Data extract -
------
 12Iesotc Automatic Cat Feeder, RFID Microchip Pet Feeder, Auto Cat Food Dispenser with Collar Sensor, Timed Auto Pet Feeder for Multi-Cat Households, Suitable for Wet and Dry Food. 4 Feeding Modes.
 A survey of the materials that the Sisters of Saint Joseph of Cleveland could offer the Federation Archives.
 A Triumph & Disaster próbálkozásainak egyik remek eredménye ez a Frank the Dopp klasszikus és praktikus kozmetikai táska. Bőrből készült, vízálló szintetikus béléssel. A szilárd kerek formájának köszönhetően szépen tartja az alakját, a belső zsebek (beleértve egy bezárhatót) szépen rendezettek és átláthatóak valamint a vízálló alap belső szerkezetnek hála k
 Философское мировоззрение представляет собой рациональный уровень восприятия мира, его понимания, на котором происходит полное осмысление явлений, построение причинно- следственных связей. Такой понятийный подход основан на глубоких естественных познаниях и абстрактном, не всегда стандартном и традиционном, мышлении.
------
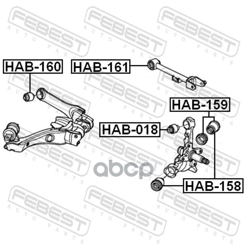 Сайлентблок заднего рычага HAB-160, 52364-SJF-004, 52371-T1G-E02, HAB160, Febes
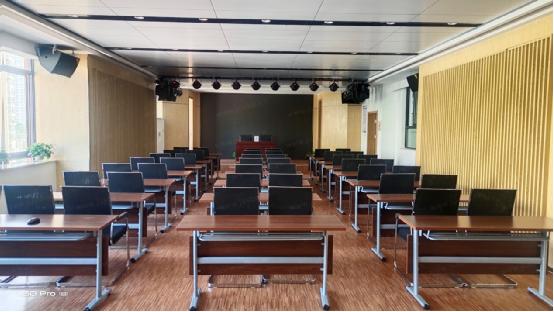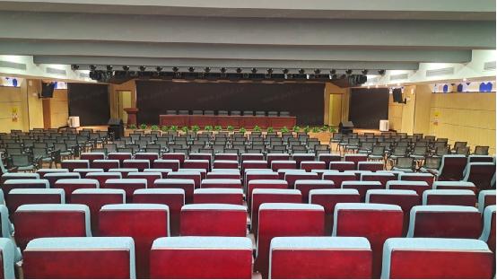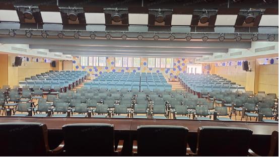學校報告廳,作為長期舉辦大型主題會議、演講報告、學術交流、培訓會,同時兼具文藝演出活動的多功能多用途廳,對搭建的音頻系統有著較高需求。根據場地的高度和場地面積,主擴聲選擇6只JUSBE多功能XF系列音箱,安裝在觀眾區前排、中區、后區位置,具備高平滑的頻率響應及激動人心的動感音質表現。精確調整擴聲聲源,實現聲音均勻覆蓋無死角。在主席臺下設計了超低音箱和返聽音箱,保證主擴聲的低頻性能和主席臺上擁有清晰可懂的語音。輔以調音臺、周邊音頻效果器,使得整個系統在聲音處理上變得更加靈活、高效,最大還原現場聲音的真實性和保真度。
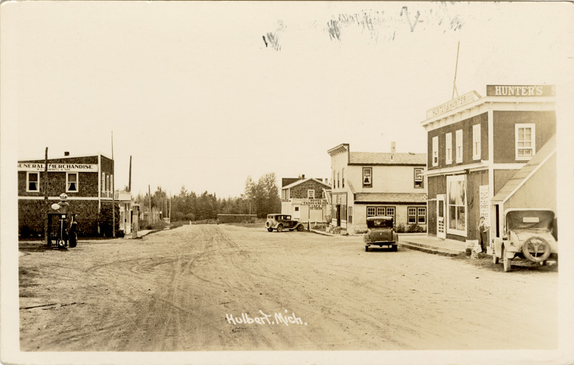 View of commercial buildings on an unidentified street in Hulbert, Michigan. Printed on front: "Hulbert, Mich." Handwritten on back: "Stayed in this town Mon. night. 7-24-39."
------
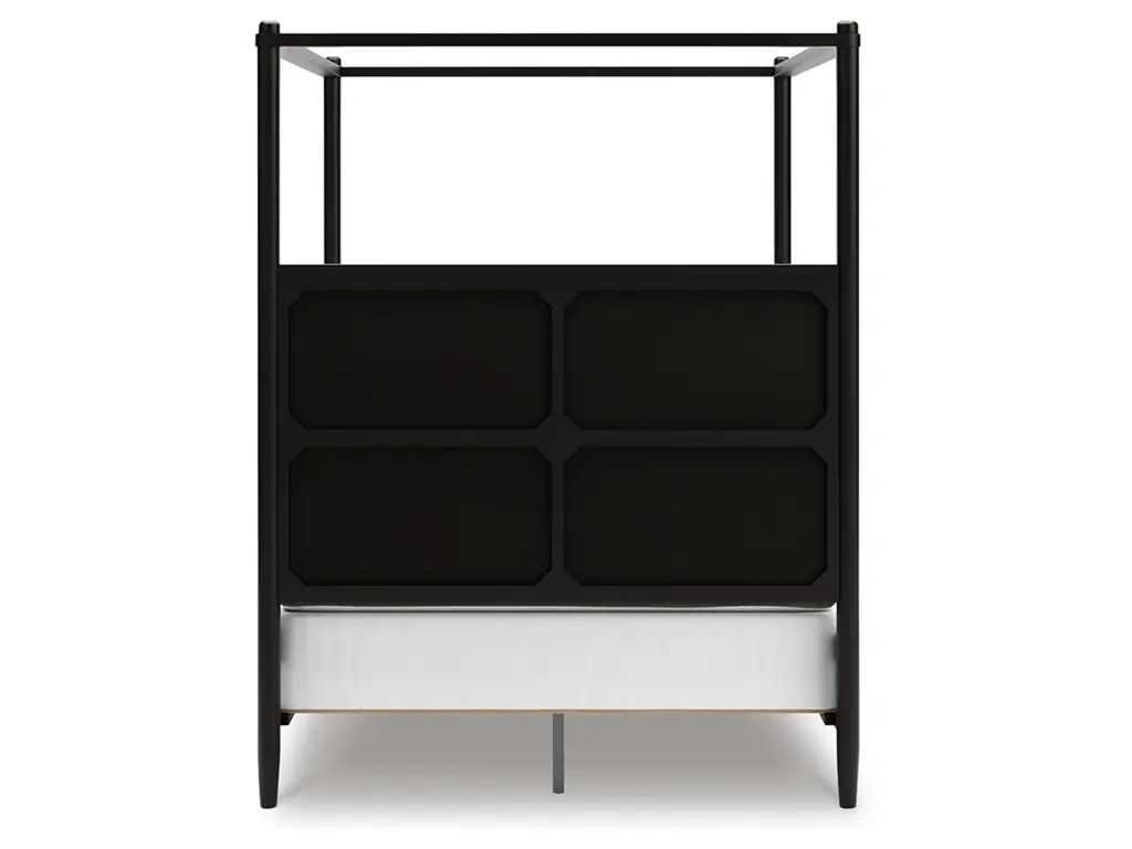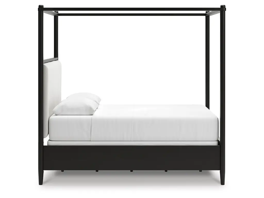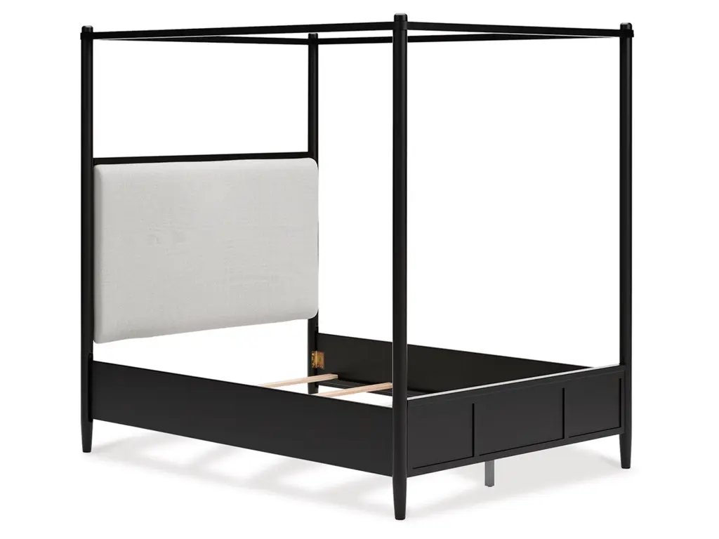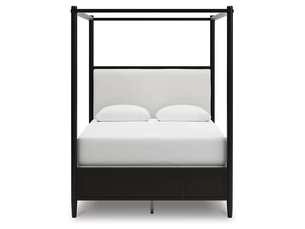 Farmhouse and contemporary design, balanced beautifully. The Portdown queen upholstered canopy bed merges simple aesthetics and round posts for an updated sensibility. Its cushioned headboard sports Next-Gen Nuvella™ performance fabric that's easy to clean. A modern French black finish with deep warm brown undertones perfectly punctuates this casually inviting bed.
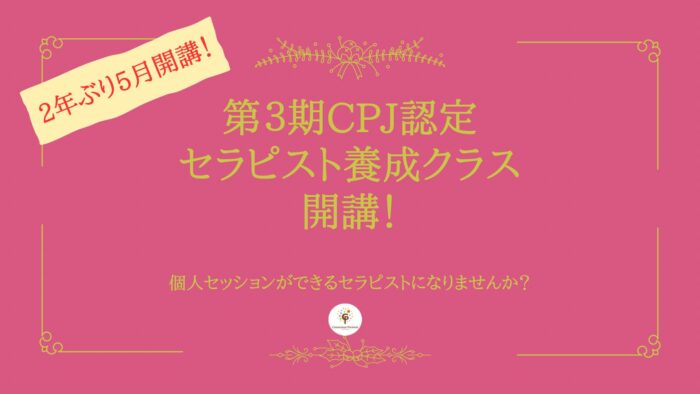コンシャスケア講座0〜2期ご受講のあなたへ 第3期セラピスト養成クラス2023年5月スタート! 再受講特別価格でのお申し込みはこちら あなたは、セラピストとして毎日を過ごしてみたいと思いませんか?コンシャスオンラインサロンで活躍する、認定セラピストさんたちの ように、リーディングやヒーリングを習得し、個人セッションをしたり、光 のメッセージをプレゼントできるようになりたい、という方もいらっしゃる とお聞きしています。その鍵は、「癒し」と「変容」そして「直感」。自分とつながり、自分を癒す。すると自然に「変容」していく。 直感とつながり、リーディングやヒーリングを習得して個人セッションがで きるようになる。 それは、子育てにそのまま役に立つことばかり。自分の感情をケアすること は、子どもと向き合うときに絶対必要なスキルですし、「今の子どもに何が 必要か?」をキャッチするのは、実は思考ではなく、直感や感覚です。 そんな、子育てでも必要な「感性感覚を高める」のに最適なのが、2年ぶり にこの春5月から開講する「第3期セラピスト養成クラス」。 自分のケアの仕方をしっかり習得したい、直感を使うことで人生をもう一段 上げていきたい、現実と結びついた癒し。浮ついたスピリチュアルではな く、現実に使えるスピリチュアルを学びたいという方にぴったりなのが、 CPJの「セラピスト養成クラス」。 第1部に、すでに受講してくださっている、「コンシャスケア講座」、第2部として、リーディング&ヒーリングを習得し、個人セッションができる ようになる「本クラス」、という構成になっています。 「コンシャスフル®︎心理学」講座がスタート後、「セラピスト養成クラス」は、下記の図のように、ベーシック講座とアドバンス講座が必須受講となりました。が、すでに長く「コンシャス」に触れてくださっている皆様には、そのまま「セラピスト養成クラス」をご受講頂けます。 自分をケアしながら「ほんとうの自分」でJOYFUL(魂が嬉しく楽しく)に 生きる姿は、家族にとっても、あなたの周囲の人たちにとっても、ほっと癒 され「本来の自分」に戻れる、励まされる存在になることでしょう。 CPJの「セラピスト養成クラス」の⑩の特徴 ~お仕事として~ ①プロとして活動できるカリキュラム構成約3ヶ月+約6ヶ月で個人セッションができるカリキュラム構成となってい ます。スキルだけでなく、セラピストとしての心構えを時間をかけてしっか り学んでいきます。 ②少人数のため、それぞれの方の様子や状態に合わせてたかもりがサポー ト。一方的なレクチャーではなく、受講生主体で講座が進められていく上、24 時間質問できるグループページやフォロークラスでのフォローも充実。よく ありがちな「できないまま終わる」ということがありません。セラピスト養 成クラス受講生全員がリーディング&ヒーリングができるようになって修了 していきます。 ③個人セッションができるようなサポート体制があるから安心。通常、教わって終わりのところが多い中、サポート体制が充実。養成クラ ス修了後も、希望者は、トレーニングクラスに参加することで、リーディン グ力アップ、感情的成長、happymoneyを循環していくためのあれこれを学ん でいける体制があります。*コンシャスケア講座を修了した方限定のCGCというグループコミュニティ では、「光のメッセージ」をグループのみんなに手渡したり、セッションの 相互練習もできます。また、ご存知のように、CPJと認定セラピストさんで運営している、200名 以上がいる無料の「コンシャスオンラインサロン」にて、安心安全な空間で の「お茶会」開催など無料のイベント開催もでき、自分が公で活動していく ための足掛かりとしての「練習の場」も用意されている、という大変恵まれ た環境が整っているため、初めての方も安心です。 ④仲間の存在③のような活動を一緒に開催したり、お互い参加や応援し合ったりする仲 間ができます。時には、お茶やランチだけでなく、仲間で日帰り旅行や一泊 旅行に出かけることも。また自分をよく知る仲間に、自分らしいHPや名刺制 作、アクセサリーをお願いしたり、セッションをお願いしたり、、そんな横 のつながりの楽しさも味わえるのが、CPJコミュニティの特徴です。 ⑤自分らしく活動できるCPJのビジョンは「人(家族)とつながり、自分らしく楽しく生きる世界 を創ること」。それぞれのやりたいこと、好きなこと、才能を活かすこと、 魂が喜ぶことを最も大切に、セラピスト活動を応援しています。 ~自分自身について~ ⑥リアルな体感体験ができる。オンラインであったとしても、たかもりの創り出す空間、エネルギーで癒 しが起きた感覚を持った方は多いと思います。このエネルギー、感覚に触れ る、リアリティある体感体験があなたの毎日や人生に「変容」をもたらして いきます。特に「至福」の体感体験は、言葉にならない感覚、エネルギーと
------
What you have to do - Which lines run from the one holding "A survey of" through the one holding "Философское мировоззрение представляет" in the records above? Repeat them exactly, both included, and nothing more.

Result for this exercise -
 A survey of the materials that the Sisters of Saint Joseph of Cleveland could offer the Federation Archives.
 A Triumph & Disaster próbálkozásainak egyik remek eredménye ez a Frank the Dopp klasszikus és praktikus kozmetikai táska. Bőrből készült, vízálló szintetikus béléssel. A szilárd kerek formájának köszönhetően szépen tartja az alakját, a belső zsebek (beleértve egy bezárhatót) szépen rendezettek és átláthatóak valamint a vízálló alap belső szerkezetnek hála k
 Философское мировоззрение представляет собой рациональный уровень восприятия мира, его понимания, на котором происходит полное осмысление явлений, построение причинно- следственных связей. Такой понятийный подход основан на глубоких естественных познаниях и абстрактном, не всегда стандартном и традиционном, мышлении.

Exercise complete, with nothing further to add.